== Segment start ==

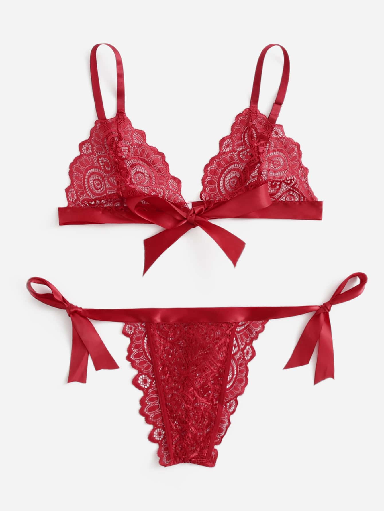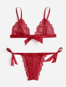 Set de lencería con encaje con cordón lateral
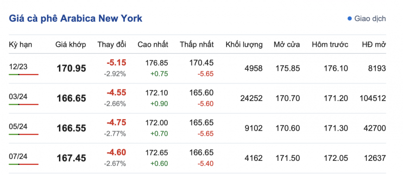 Tương tự, giá cà phê Arabica trên sàn New York sáng ngày 20/11 ổn định, dao động từ 165,60 - 176,85 cent/lb tuỳ từng kỳ hạn giao hàng. Cụ thể, kỳ hạn giao hàng tháng 12/2023 là 170,95 cent/lb; kỳ giao hàng tháng 3/2024 là 166,65 cent/lb; kỳ giao hàng tháng 5/2024 là 166,55 cent/lb và kỳ giao hàng tháng 7/2024 là 167,45 cent/lb.
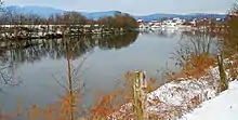 Located at the Great Oxbow of the Connecticut River, with vast tracts of beautiful and fertile intervale, the area was a favorite of the Indians. Rivers teemed with salmon and brooks with trout.[4] Prior to European settlement, the Newbury area was the location of a village called Cowass or Cowassuck of the Pennacook tribe.[5] Cowass in Abenaki is "Coo-ash-auke," meaning "place of pine trees," and was a general name these people gave to the upper Connecticut River Valley and Lakes region.[6] It was first settled by English colonists in 1762 by Samuel Sleeper and family. One of the New Hampshire grants, Newbury was chartered by Governor Benning Wentworth on March 18, 1763, to Jacob Bayley and 74 others, some from Newbury, Massachusetts.[4]
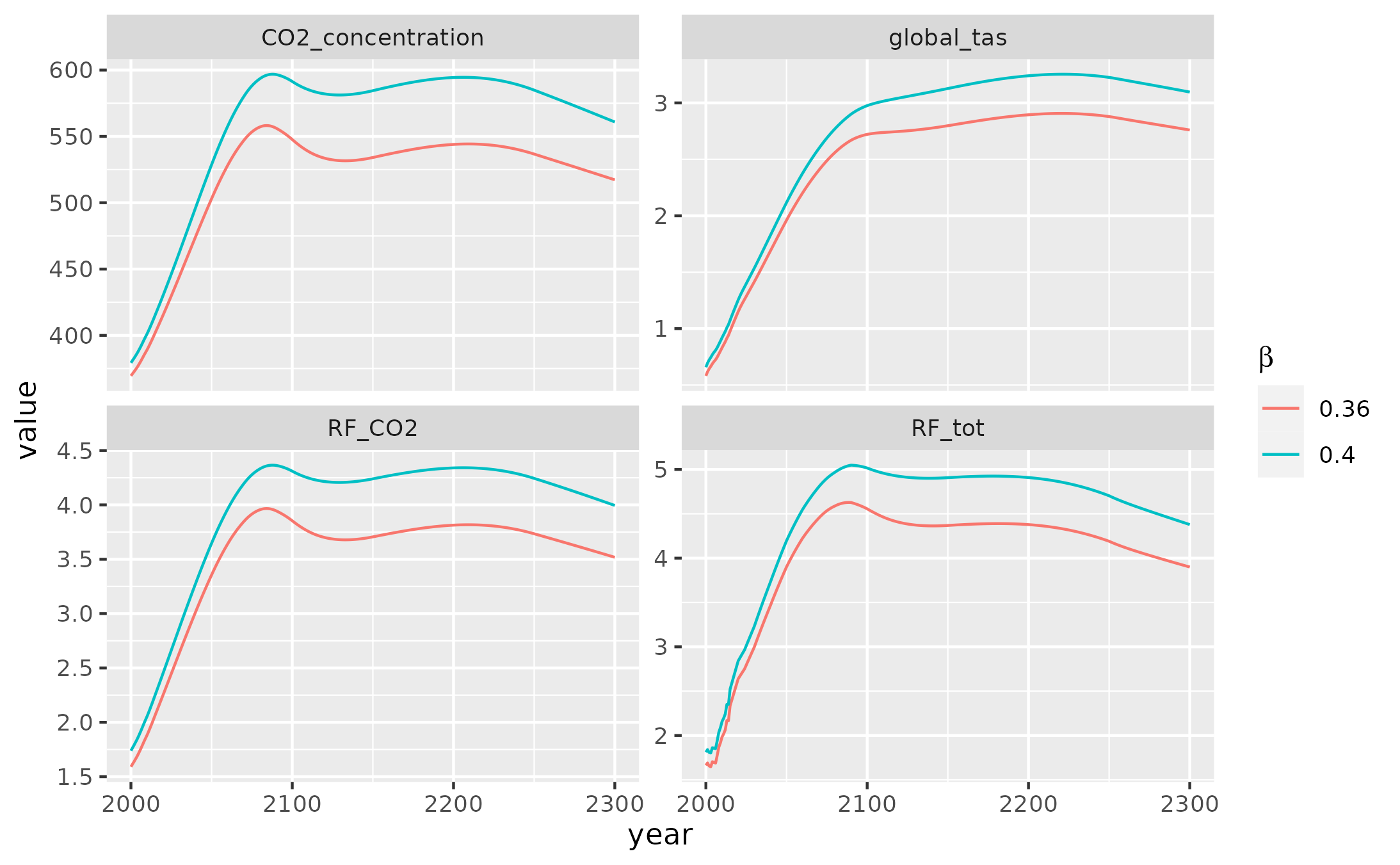 As we can see, the ability of CO\(_2\) fertilization to offset carbon emissions saturates, at high values of \(\beta\), the same increase in \(\beta\) translates into a smaller decrease in atmospheric CO\(_2\) and related climate effects.

== Segment end ==

**WHAT IS BEING ASKED**:
No pictures should appear in the copy, which holds exactly the lines from the first line of the data through the line with "Tương tự, giá" and nothing else.

**RESPONSE**:
 Set de lencería con encaje con cordón lateral
 Tương tự, giá cà phê Arabica trên sàn New York sáng ngày 20/11 ổn định, dao động từ 165,60 - 176,85 cent/lb tuỳ từng kỳ hạn giao hàng. Cụ thể, kỳ hạn giao hàng tháng 12/2023 là 170,95 cent/lb; kỳ giao hàng tháng 3/2024 là 166,65 cent/lb; kỳ giao hàng tháng 5/2024 là 166,55 cent/lb và kỳ giao hàng tháng 7/2024 là 167,45 cent/lb.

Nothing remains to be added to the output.